== What needs to be done ==
Working from the entries that follow, transcribe exactly and only the lines from the one with "Figure 3. Photograph" through the last, pictures excluded.

== Task input ==
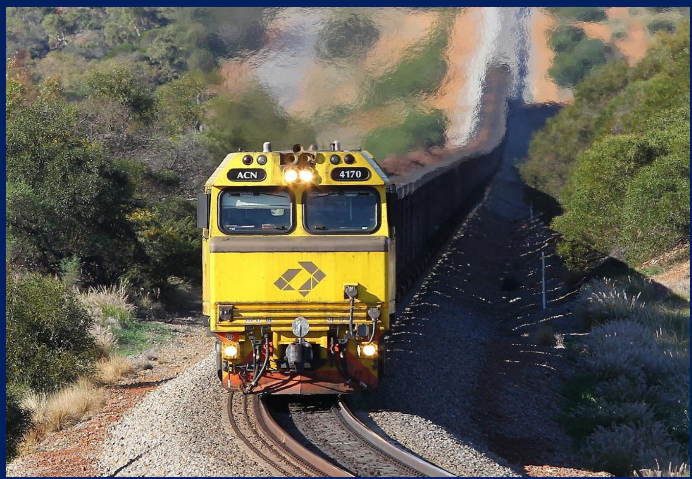
ACN4170 leads loaded Karara ore near Bringo May 31st.
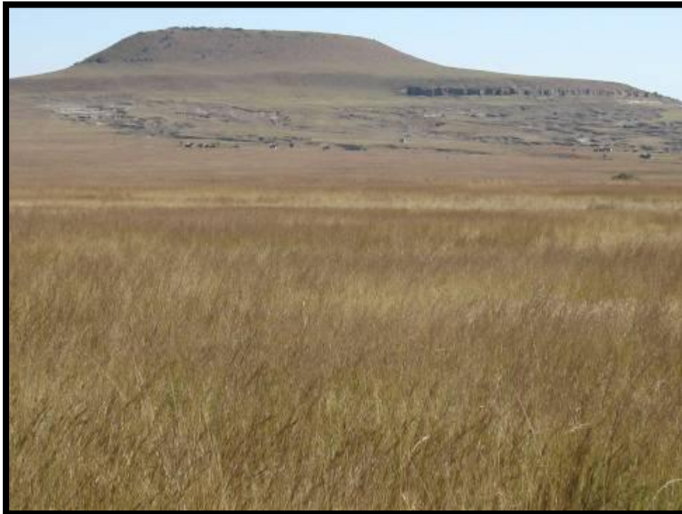
Figure 3. Photograph taken from the southern section of the footprint including powerline corridors 1 & 2
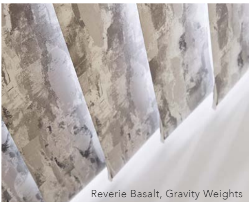
Reverie Basalt, Gravity Weights

For a contemporary aesthetic there's the option of 'sewn in' weights and 'gravity weights', removing the need for chain and finishing off your blind perfectly.
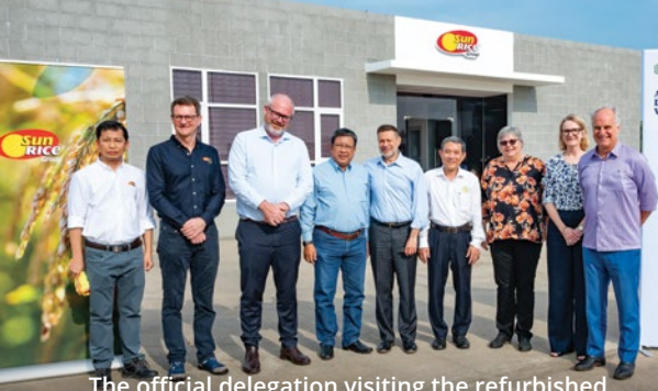
The official delegation visiting the refurbished SunRice Lap Vo rice mill in Dong Thap Province, Vietnam.
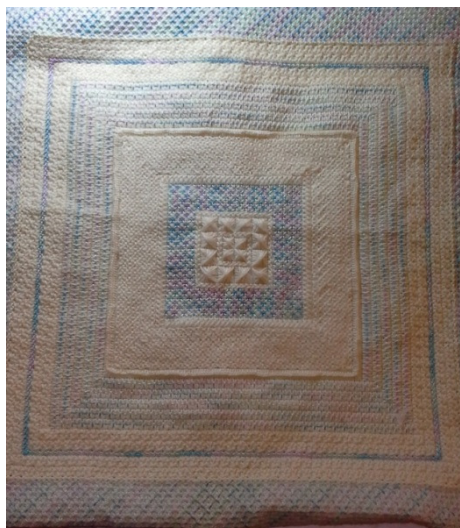
Cathie E – Canvaswork Cushion

== Task output ==
Figure 3. Photograph taken from the southern section of the footprint including powerline corridors 1 & 2
Reverie Basalt, Gravity Weights

For a contemporary aesthetic there's the option of 'sewn in' weights and 'gravity weights', removing the need for chain and finishing off your blind perfectly.
The official delegation visiting the refurbished SunRice Lap Vo rice mill in Dong Thap Province, Vietnam.
Cathie E – Canvaswork Cushion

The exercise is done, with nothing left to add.